A dimensão de sujeito do campo teórico do ensino tem sua origem nessa necessária sujeição. Vizinhas constantes das concepções de ensino, as noções de sujeito formaram parte integrante de toda ou qualquer versão da teoria do ensino. As noções de sujeito, às vezes expressas em termos acadêmicos explícitos e outras vezes em termos do "sentido comum", colocaram em ação "sujeitos do ensino" (os "ensinantes") e "sujeitos de aprendizagem" (os "aprendizes"), e criaram conceitualmente as bases para configurar as relações descritíveis, explicáveis ou desejadas entre ambos (ou "vínculo de ensino"). A profunda psicologização do campo teórico do ensino, ocorrida no século XX, determinou que as configurações dessa dimensão fossem transferidas para a teoria da aprendizagem, nas suas variadas formas, apagando suas complexidades.
Os afazeres do ensino, que agrupamos na dimensão de práticas, constituem para a modernidade póscomeniana o cenário da Didática, que alberga o conjunto das propostas tecnológicas referidas ao "como ensinar", das "metodologias", das definições sobre o "bom" e o "mau" ensino, dos projetos ou programas gerais ou específicos a seguir no ensino, e outras construções não menos teleológicas e geralmente prescritivas. Nelas é sempre possível entrever a presença determinante das outras três dimensões, mesmo se latentes.
O século XIX consagrou a dominância da consideração centralmente política do ensino. Com efeito, a modernidade submergiu o ensino no campo do que se costuma chamar educação, de indubitável e explícita condição política, e fez uma inclusão euleriana (o campo do ensino é um círculo menor incluso no círculo maior da educação), se assegurando assim o controle dos cidadãos, (principalmente as crianças e os jovens), e sua sujeição social pelo conhecimento. Os ideais modernos de educação "universal" foram fortemente atrelados aos ideais de progresso social, nos quais as versões da ciência unificada às tecnologias (físicas, instrumentais, mas também sociais) ocuparam progressivamente o espaço central. Ensinar, neste contexto, é um componente complementar, embora importante, na formação de sujeitos sociais adequados para viver no mundo industrial e das democracias burguesas, e o ensino contribui para assegurar o stock de conhecimentos e utensílios necessários para uma inserção produtiva de cada sujeito. Simultaneamente, os treinamentos para além da transmissão de conhecimentos, ou seja, aqueles que têm a ver com os comportamentos aceitáveis, valores e identidades, geram o espaço próprio da educação como esforço de maior amplitude, no qual o ensino está compreendido como mais um instrumento.
A preocupação acadêmica sistemática pelo desenvolvimento de crianças e adolescentes desde os inícios do século XX e a posterior ênfase nos achados dessa indagação pelos modelos educacionais, permitiram a "descoberta" na psicologia experimental e a inclusão nas teorias educacionais da noção essencialmente comportamentalista da aprendizagem.
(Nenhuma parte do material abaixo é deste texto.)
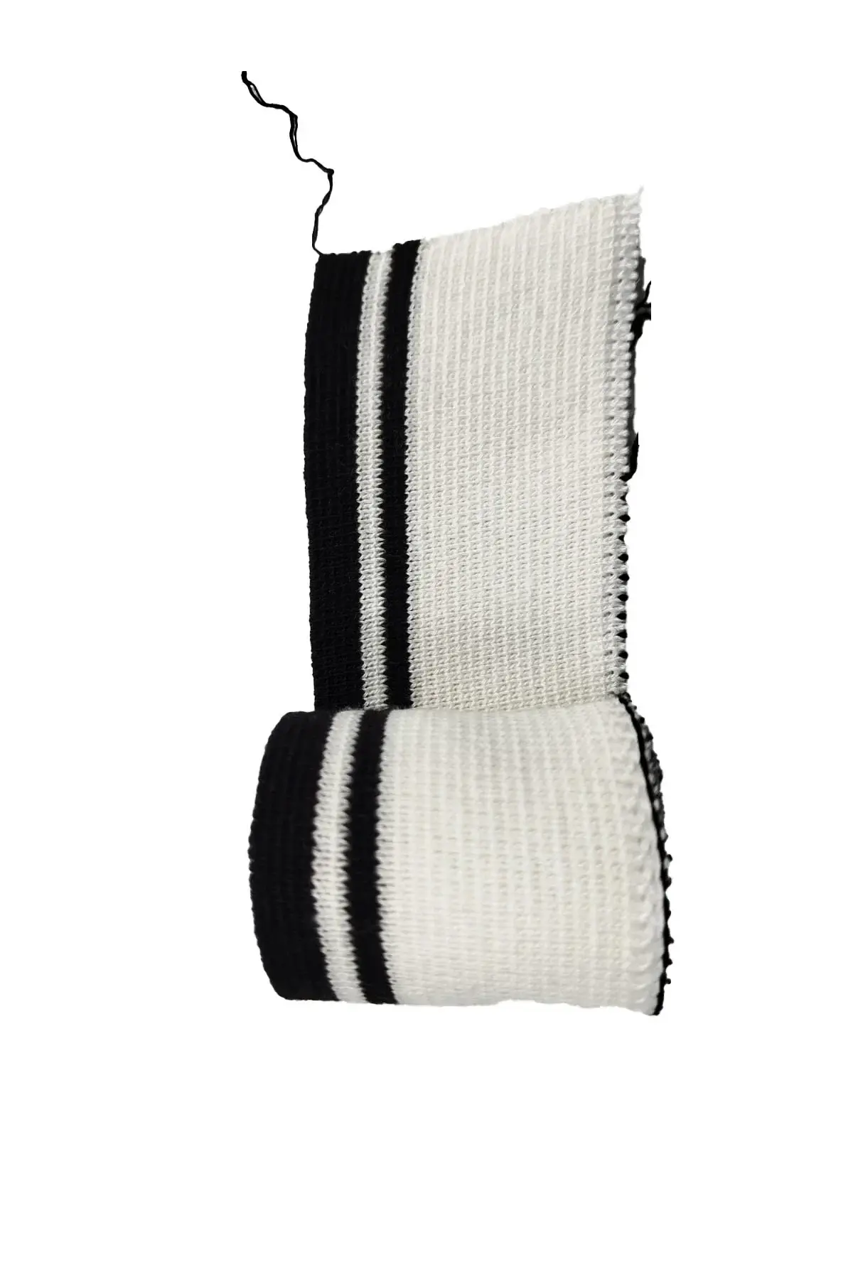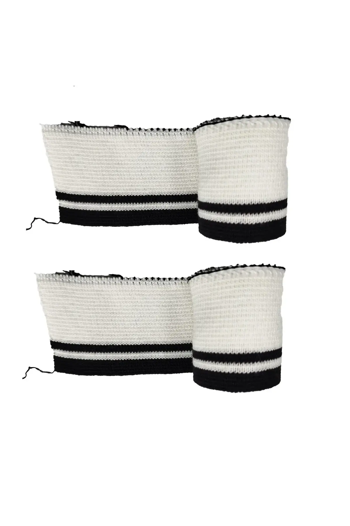 Beyaz zemin üzerine siyah çizgili triko ribana bant, iki taraflı kullanıma uygun dokuma yapısıyla üretilmiştir. Elbise onarımı, tasarım ve tamirat projelerinde kenar destek veya tamamlayıcı malzeme olarak kullanılabilir. Ürün eni 85 santimetre, boyu 4 santimetredir.

Os "educadores" e as teorias pedagógicas fizeram logo mais possível completar o arcabouço psicologista das teorias do ensino: nas práticas educacionais o aluno passou a ocupar o centro de atenção e o ensino concebeu-se como mais um aspeto da intervenção técnica no desenvolvimento psicológico "integrado" dos alunos. O saber, sob a forma de conhecimento-conteúdo, foi marginalizado e reduzido no processo. Há, claramente, uma relação entre as ênfases postas no ensino como ato de comunicação e "formação de sujeitos de conhecimento" e o "declínio dos saberes": o saber vira conteúdo e mercadoria, e perde sua mais inquietante dimensão de "pensamento". O ingresso destes arranjos conceitualizadores do ensino na vida das universidades a puseram em mãos das abordagens pedagógicas (ou deveríamos dizer "pedagogistas", com todos os espantos possíveis e os mais alarmados ênfases pejorativos?), que implicaram a conseguinte postergação dos interesses epistêmicos. A pergunta de Voltolini (2010, p. 28) coloca a questão no patamar de uma perda angustiante: "Como a Universidade, originalmente lugar de altos estudos, estudos avançados possibilitados pelo uso potente da razão e da reflexão, teria se tornado um lugar de reprodução e fundamentalmente de 'con-sumo de conhecimentos'?"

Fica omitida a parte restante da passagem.